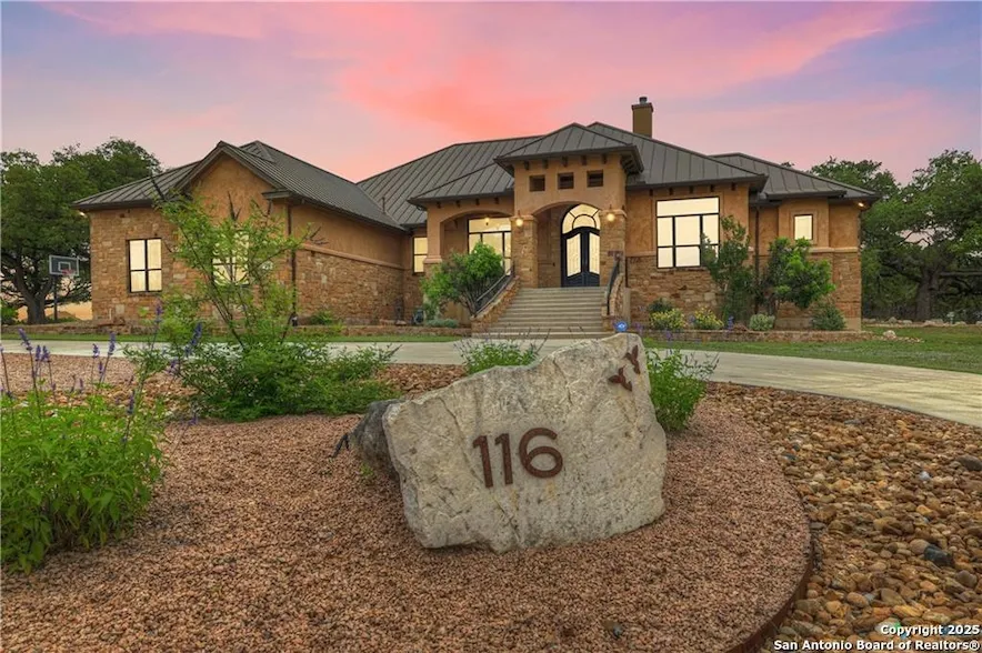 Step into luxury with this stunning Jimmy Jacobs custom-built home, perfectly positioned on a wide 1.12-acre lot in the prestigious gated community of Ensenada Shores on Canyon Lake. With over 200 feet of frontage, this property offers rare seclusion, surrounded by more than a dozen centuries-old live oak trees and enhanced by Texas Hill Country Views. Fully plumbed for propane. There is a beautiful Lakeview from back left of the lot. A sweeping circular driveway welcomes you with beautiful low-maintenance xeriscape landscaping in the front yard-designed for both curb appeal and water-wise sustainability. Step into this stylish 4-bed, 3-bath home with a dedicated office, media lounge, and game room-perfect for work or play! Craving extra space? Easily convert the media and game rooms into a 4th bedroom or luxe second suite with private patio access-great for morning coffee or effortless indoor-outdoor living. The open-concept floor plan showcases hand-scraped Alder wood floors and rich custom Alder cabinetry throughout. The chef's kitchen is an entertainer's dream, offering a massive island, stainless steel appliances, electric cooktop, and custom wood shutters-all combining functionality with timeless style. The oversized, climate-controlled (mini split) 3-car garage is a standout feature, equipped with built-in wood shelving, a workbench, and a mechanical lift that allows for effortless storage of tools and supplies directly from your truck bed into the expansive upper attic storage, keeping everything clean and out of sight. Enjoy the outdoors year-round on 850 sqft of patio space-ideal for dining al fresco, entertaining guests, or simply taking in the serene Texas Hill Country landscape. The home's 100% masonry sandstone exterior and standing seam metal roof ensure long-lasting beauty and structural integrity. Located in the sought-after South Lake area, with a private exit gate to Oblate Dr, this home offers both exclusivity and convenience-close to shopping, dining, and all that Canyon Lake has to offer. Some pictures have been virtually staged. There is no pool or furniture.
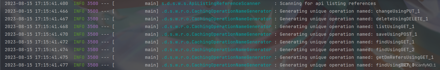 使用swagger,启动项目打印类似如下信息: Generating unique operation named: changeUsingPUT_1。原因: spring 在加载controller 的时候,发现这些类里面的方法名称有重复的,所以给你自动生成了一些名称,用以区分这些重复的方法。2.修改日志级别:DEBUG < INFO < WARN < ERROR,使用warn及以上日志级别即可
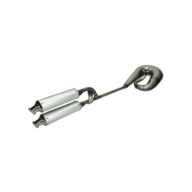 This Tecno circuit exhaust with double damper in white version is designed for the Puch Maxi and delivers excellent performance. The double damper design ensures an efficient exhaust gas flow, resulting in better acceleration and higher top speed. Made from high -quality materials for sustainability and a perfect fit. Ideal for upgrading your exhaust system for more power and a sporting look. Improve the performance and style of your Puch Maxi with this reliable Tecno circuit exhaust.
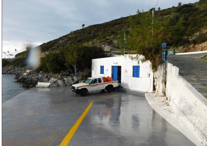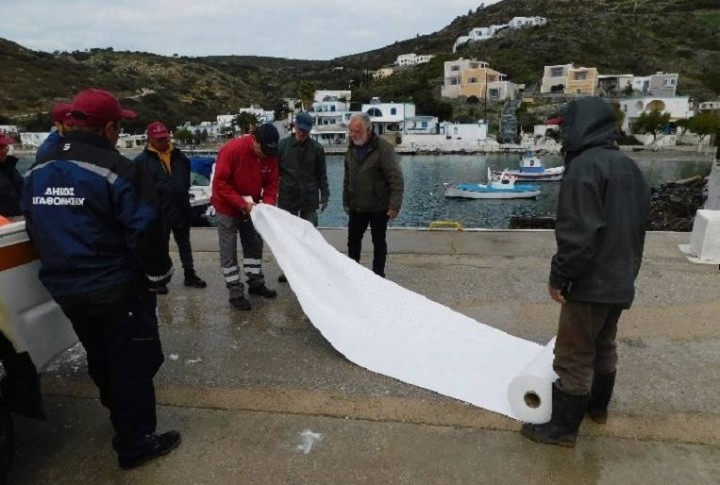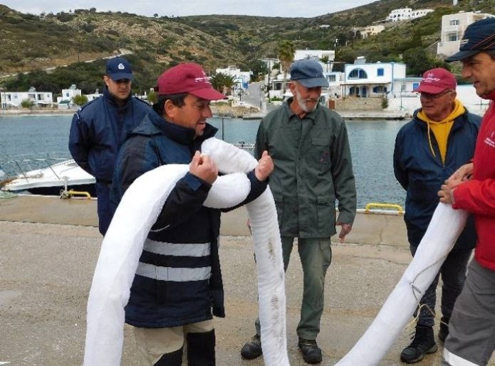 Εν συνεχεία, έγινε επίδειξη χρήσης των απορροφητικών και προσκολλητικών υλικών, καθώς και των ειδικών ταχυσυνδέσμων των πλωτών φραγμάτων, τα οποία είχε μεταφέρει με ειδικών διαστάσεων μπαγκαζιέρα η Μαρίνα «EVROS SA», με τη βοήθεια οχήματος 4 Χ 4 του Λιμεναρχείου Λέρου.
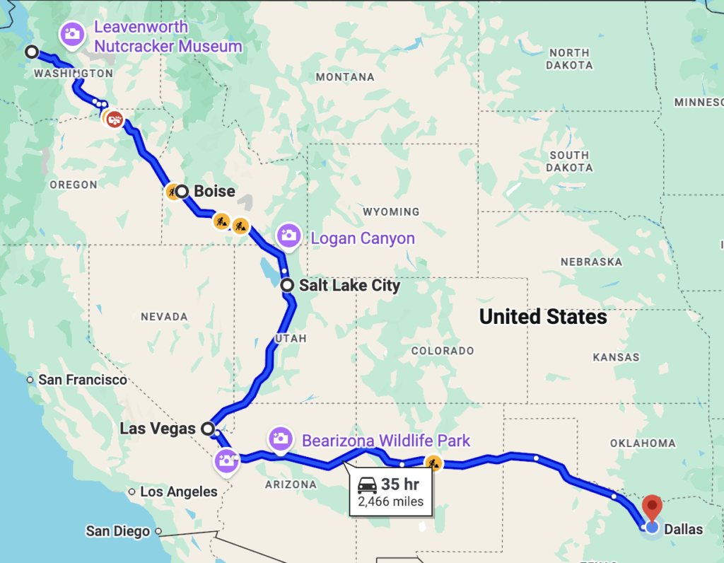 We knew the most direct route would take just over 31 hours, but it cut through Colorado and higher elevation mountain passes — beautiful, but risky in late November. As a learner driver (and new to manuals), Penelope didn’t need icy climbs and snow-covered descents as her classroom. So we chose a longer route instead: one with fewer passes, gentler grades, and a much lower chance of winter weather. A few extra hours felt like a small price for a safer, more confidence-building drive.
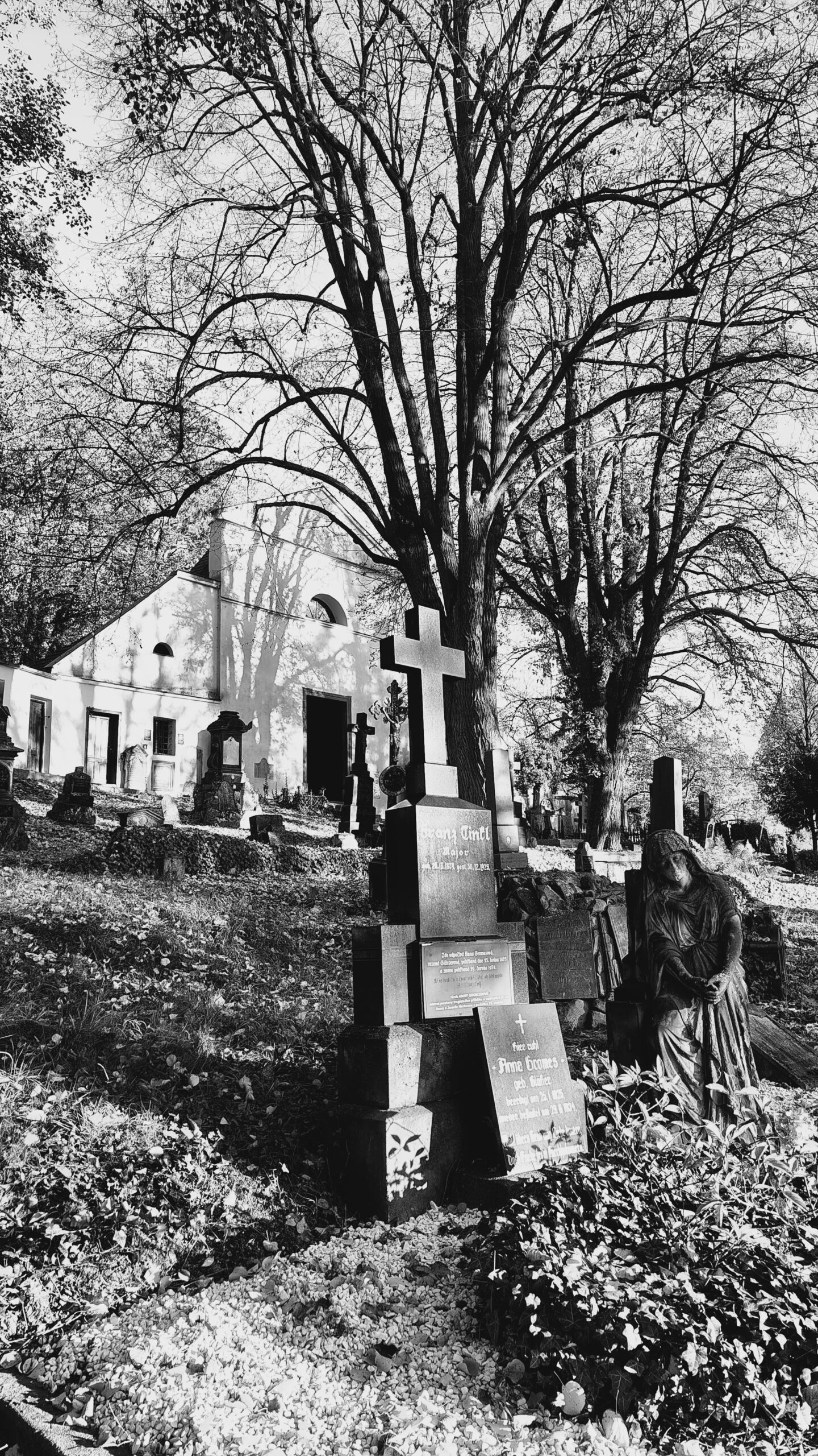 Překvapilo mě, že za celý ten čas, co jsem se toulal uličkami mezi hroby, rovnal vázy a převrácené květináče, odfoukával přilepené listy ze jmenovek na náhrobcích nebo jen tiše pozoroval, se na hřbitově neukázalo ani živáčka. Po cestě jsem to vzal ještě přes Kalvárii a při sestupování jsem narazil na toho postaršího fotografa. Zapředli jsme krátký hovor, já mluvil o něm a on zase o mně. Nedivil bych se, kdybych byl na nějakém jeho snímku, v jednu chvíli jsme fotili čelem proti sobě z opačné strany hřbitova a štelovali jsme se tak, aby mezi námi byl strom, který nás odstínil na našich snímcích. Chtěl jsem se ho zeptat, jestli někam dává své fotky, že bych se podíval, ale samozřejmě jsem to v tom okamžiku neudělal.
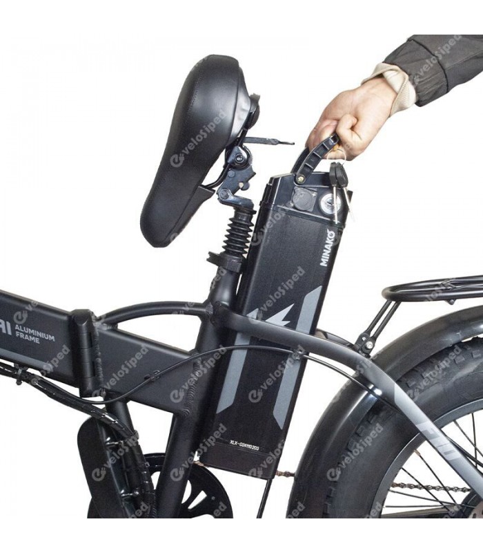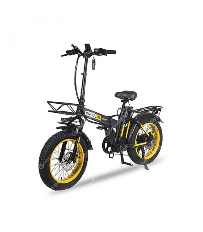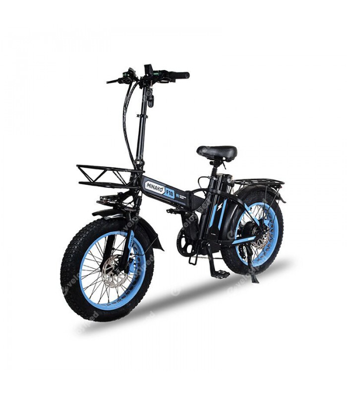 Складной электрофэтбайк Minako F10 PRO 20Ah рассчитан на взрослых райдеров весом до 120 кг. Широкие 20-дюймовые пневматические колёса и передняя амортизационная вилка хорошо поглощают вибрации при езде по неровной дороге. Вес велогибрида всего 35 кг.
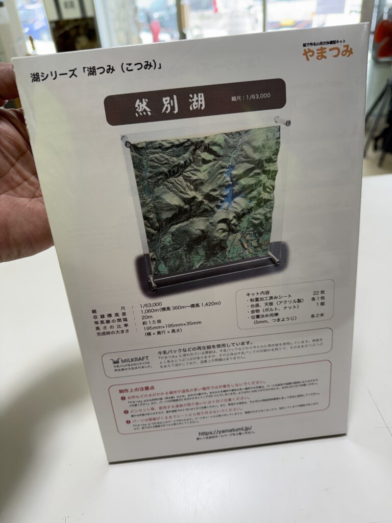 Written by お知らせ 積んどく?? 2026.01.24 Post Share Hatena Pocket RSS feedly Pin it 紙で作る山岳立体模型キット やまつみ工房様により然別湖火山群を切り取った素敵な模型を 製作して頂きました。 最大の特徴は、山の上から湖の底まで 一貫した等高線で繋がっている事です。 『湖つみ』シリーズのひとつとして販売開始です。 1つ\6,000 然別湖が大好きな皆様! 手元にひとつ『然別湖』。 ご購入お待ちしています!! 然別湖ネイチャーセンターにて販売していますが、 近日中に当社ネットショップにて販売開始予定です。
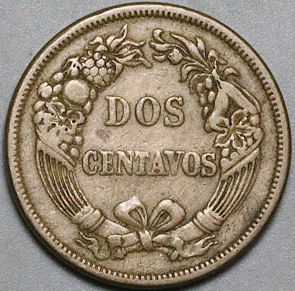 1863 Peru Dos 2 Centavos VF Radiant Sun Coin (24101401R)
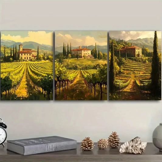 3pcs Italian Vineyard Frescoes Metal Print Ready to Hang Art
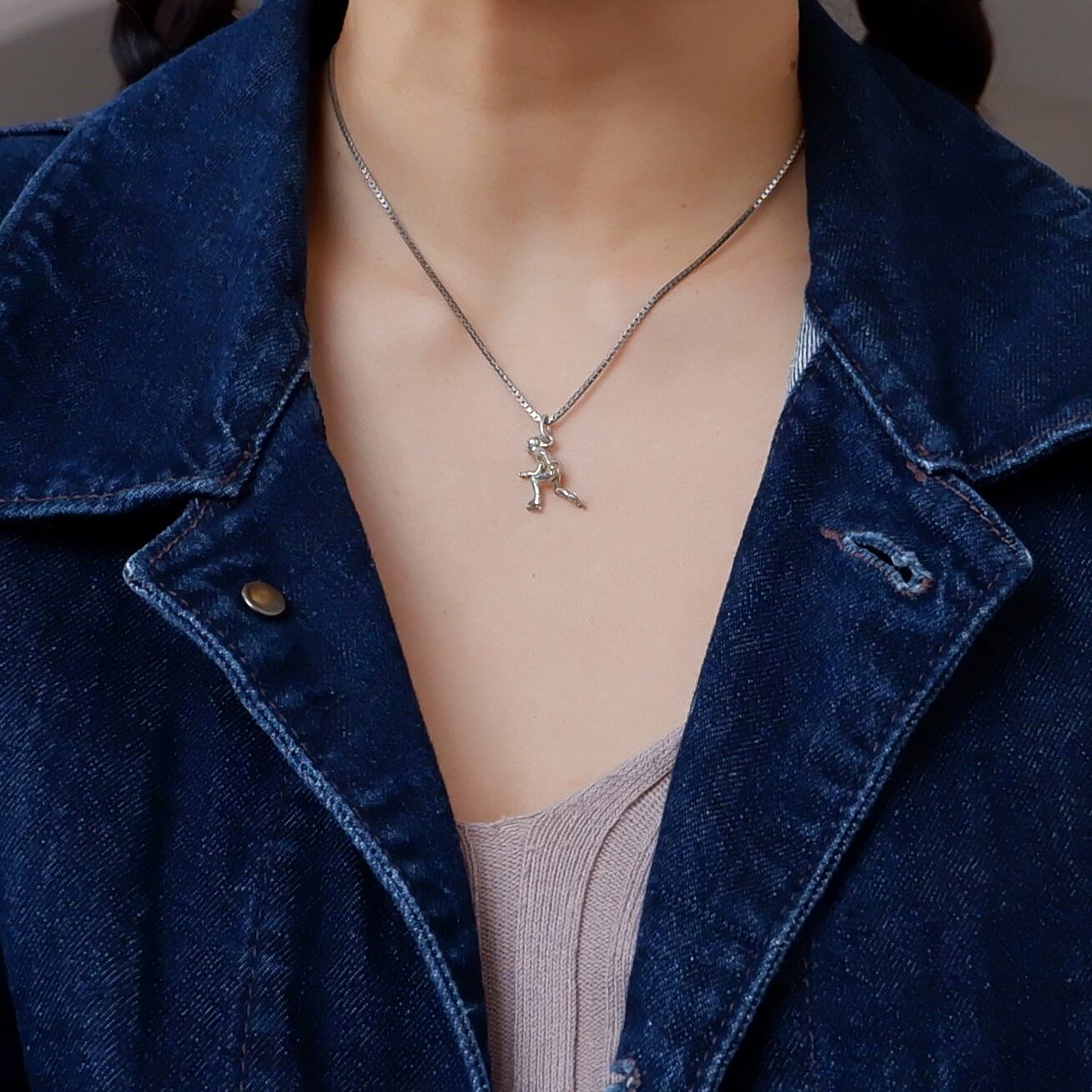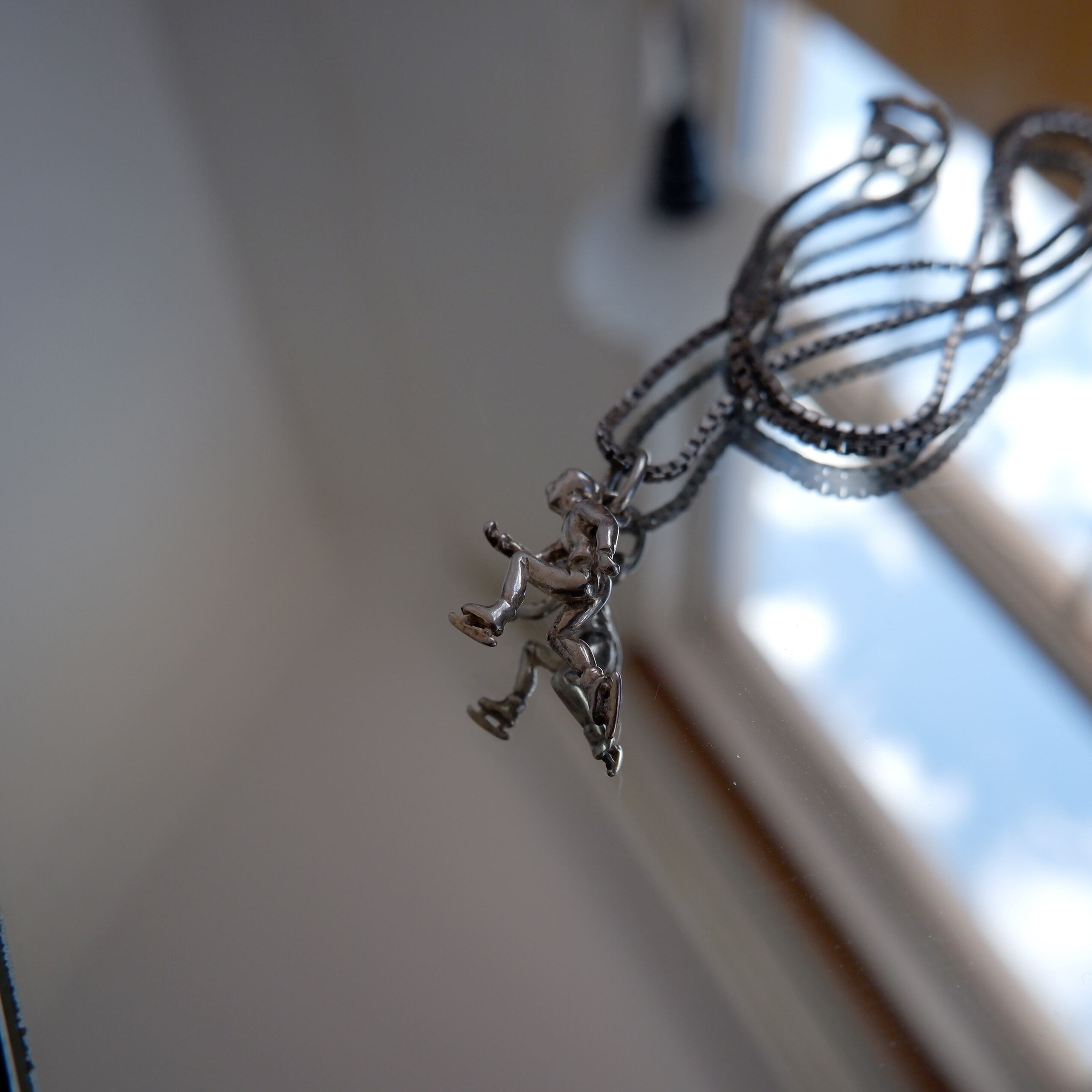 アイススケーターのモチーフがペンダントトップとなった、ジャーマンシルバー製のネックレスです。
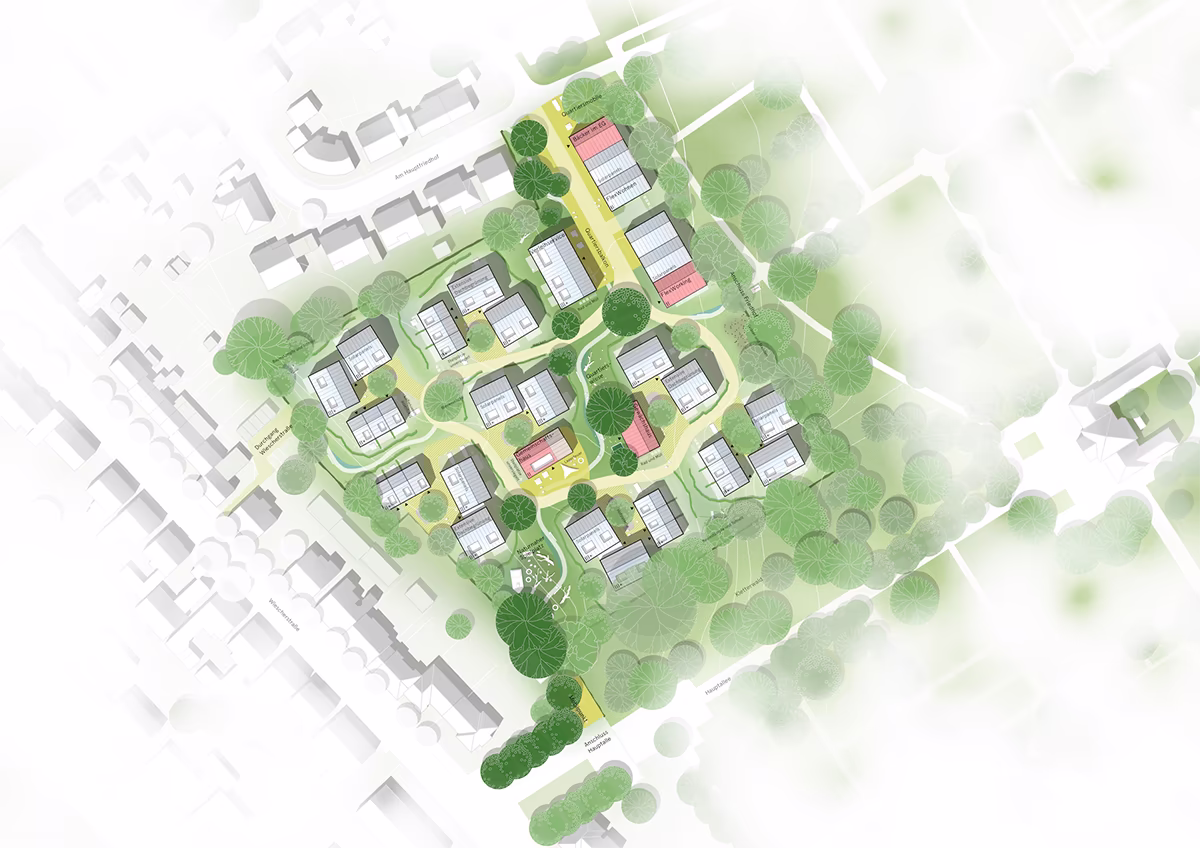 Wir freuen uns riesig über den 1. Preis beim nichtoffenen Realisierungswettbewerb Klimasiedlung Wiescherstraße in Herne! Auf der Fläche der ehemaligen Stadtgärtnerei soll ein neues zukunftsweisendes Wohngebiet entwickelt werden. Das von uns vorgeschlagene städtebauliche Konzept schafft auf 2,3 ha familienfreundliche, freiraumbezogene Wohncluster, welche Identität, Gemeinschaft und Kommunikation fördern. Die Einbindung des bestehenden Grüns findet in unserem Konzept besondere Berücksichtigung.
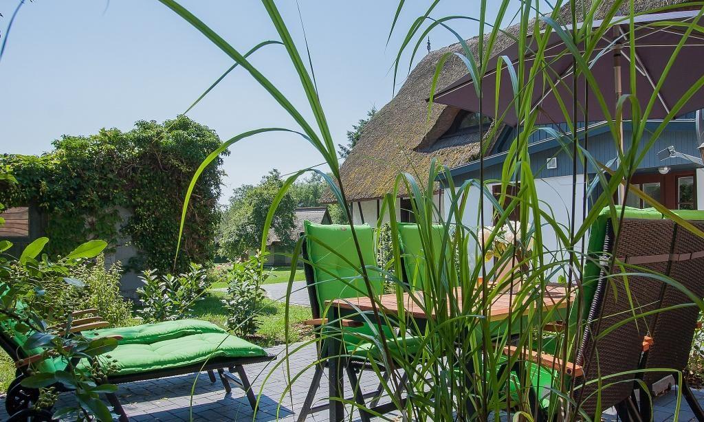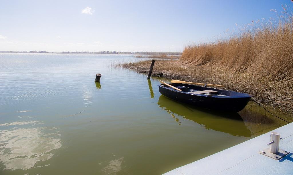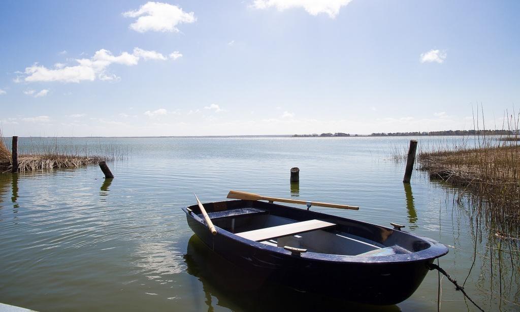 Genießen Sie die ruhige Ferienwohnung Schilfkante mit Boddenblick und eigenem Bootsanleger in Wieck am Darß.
..............................
■ TRY IT ■
Using the listing above, repeat word for word each line from the one with "使用swagger,启动项目打印类似如下信息: Generating unique" down to the one with "Εν συνεχεία, έγινε", both included. Omit all pictures.

■ ANSWER TO THE PROBLEM ■
 使用swagger,启动项目打印类似如下信息: Generating unique operation named: changeUsingPUT_1。原因: spring 在加载controller 的时候,发现这些类里面的方法名称有重复的,所以给你自动生成了一些名称,用以区分这些重复的方法。2.修改日志级别:DEBUG < INFO < WARN < ERROR,使用warn及以上日志级别即可
 This Tecno circuit exhaust with double damper in white version is designed for the Puch Maxi and delivers excellent performance. The double damper design ensures an efficient exhaust gas flow, resulting in better acceleration and higher top speed. Made from high -quality materials for sustainability and a perfect fit. Ideal for upgrading your exhaust system for more power and a sporting look. Improve the performance and style of your Puch Maxi with this reliable Tecno circuit exhaust.
 Εν συνεχεία, έγινε επίδειξη χρήσης των απορροφητικών και προσκολλητικών υλικών, καθώς και των ειδικών ταχυσυνδέσμων των πλωτών φραγμάτων, τα οποία είχε μεταφέρει με ειδικών διαστάσεων μπαγκαζιέρα η Μαρίνα «EVROS SA», με τη βοήθεια οχήματος 4 Χ 4 του Λιμεναρχείου Λέρου.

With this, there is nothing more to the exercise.